• **WHAT TO DO**: Exact reproduction of the listing is required. Pictures are not reproduced.

• **DATA EXTRACT**:
[Start of section]
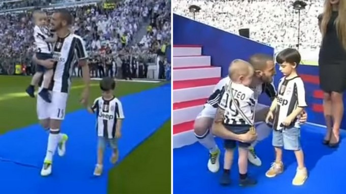 El defensor Leonardo Bonucci de la Juventus tuvo que lidiar con la tristeza de su hijo mayor durante la premiación del campeón de la Serie A.
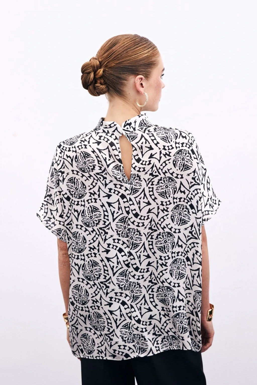 Aksesuarlı Salaş Bluz - Siyah
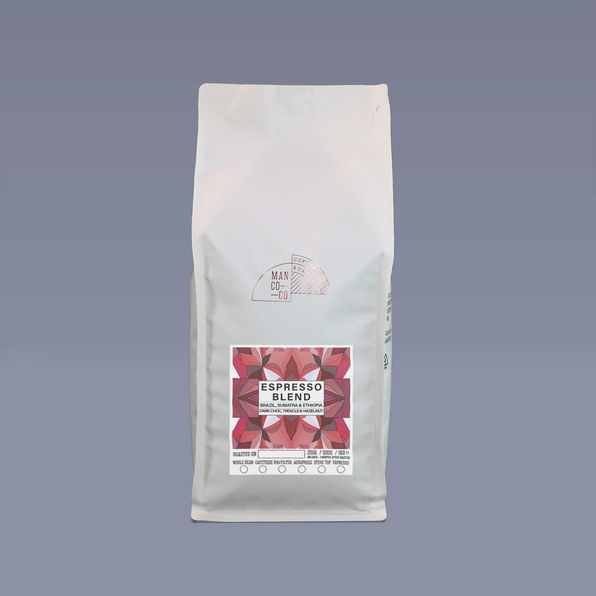 Here’s our very own signature ManCoCo Espresso Blend, an all-round espresso coffee which is great for espresso shots, espresso-based drinks such as lattes and cappuccinos and it works great in a cafetière too!
[End of section]
• **ANSWER SECTION**:
 El defensor Leonardo Bonucci de la Juventus tuvo que lidiar con la tristeza de su hijo mayor durante la premiación del campeón de la Serie A.
 Aksesuarlı Salaş Bluz - Siyah
 Here’s our very own signature ManCoCo Espresso Blend, an all-round espresso coffee which is great for espresso shots, espresso-based drinks such as lattes and cappuccinos and it works great in a cafetière too!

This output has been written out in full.